Although the ExG-ExR index has demonstrated considerable value in vegetation analysis, it is susceptible to environmental factors such as illumination34. This limitation suggests the need for developing more robust color indices or incorporating illumination-invariant representations. For example, Image phase congruency—a dimensionless measure invariant to changes in image brightness or contrast—offers a promising direction for mitigating illumination effects in plant feature extraction35. Because the EPA strategy does not depend on any specific form of prior knowledge, it can incorporate diverse types of priors that describe local characteristics of plant growth points—such as spectral, physiological, structural, or geometric cues. This flexibility grants the EPA framework strong prior substitutability, providing methodological extensibility for future multimodal plant growth point localization systems. The effectiveness of the EPA training strategy has been well demonstrated within the YOLO family of models. Future work will extend its validation to a broader range of keypoint localization architectures.
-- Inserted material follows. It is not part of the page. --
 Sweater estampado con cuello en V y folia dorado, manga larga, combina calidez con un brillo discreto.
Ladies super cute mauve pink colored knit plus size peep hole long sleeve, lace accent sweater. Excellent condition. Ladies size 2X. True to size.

The sensitivity of the EPA strategy’s hyperparameters imposes certain limitations on its practical application. Therefore, further research is required to explore adaptive scheduling mechanisms that can systematically adjust to different training tasks. Furthermore, other forms of prior knowledge, such as ExG36,37 and near infra-red (NIR)38, remain to be explored in the context of plant and growth point detection, warranting further investigation into their potential contributions.
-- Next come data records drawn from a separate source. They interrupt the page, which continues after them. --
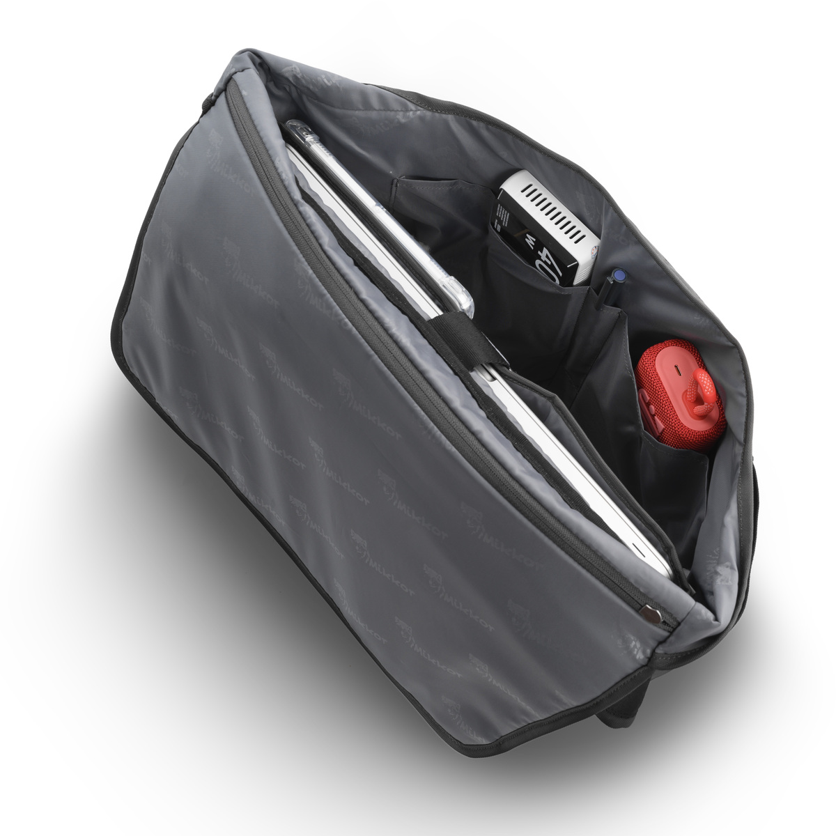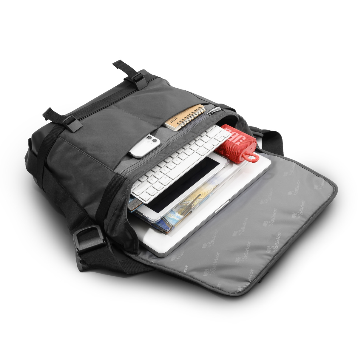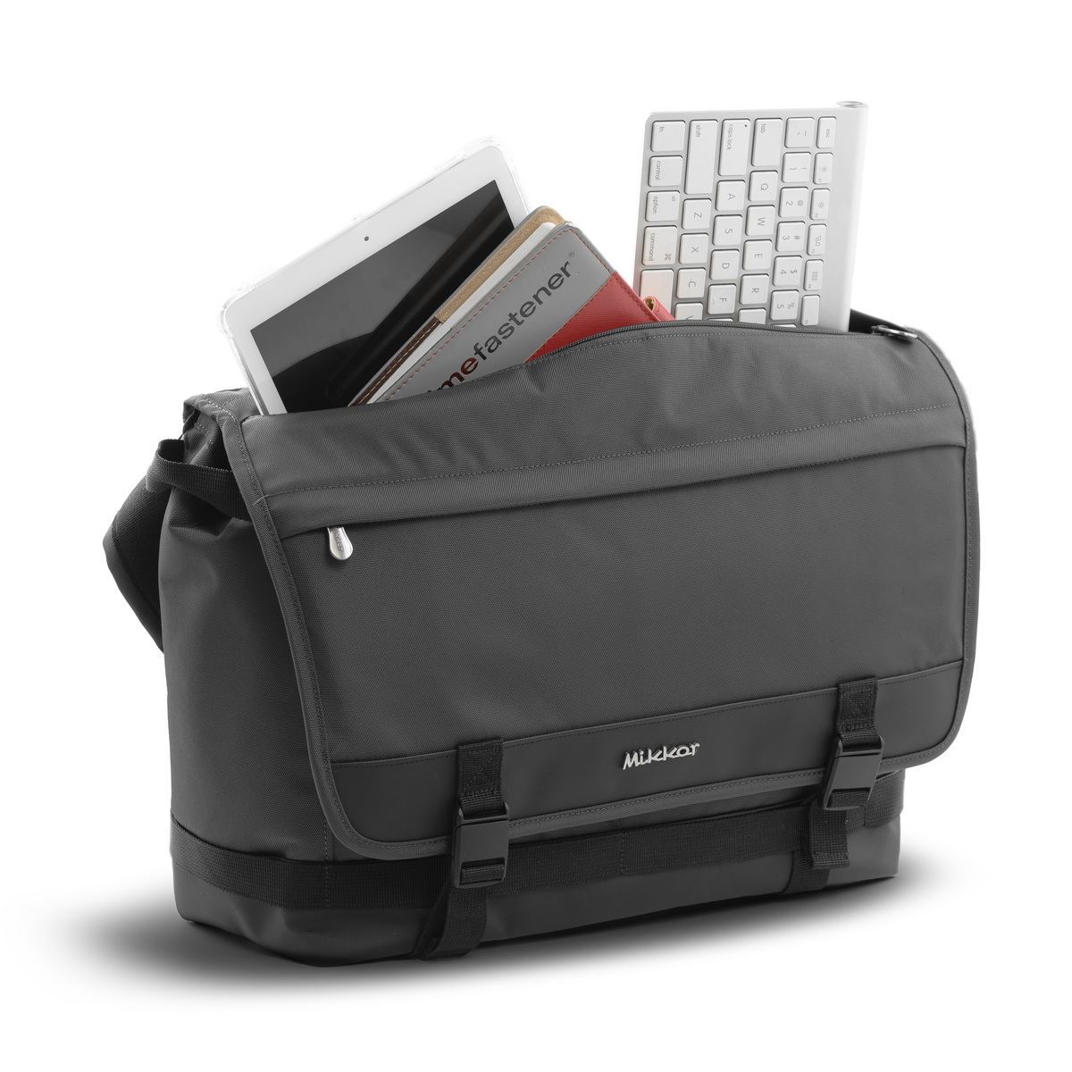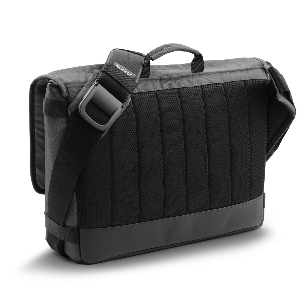 Mặt trước The Felix Messenger Bag đính logo kim loại thương hiệu MIKKOR nổi bật.
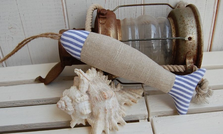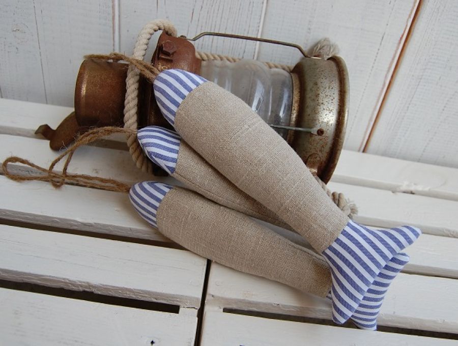 Rybki - ciało rybek zostało wykonane z naturalnego lnu, pyszczki i ogonki z bawełny w paseczki. Wypełnione kulką silikonową. Zawieszka wykonana ze sznura jutowego. Świetnie sprawdzą się jako ozdoba w pomieszczeniach w stylu marine czy rustykalnym.
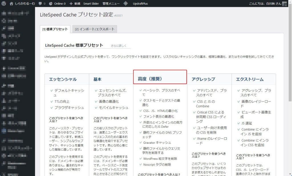 左のバーから「LiteSpeed Cache」>「プリセット」を開きます。

Although the EPA training strategy consistently increases the upper-bound accuracy of plant growth point localization models, certain challenging scenarios—such as ambiguous cases, occlusions, overlapping leaves, and tiny weed seedlings—still pose difficulties for correct prediction. Improving accuracy is an ongoing pursuit, and future work will continue to refine the model to further enhance prediction performance and better support emerging weed-control technologies such as laser weeding.

Conclusion

In this study, we proposed EPA training strategy, for the precise localization of plant growth points in field environments. The approach incorporates the ExG-ExR vegetation index as a fourth input channel, and employs a dynamic epoch-based annealing mechanism to guide keypoint regression. Ablation studies demonstrated the importance and contributions of the fourth-channel input, prior guidance, and the annealing mechanism. Parameter sensitivity analyses identified the optimal training configuration, resulting in improvements of 0.024 in mAP50 and 0.011 in mAP50:95 for growth point detection, without compromising bounding box detection performance. Cross-model evaluations further validated the generalizability and robustness of the proposed strategy across multiple YOLO-Pose variants.

Inspired by the curriculum learning principle of “easy-to-hard,” the EPA strategy leverages the weak correlation between ExG-ExR values and growth point locations to guide the model during early training, while gradually phasing out prior influence to allow fine-grained keypoint refinement. Overall, the proposed approach provides a rational and effective learning process, achieving enhanced localization performance.

Beyond the current application, this strategy holds strong potential for a wide range of precision agriculture tasks, including growth stage monitoring, autonomous field operations, and large-scale phenotyping. Its lightweight, adaptability to different crop types, and broad model generalizability suggest considerable extensibility for future research in intelligent farming systems and data-driven plant management.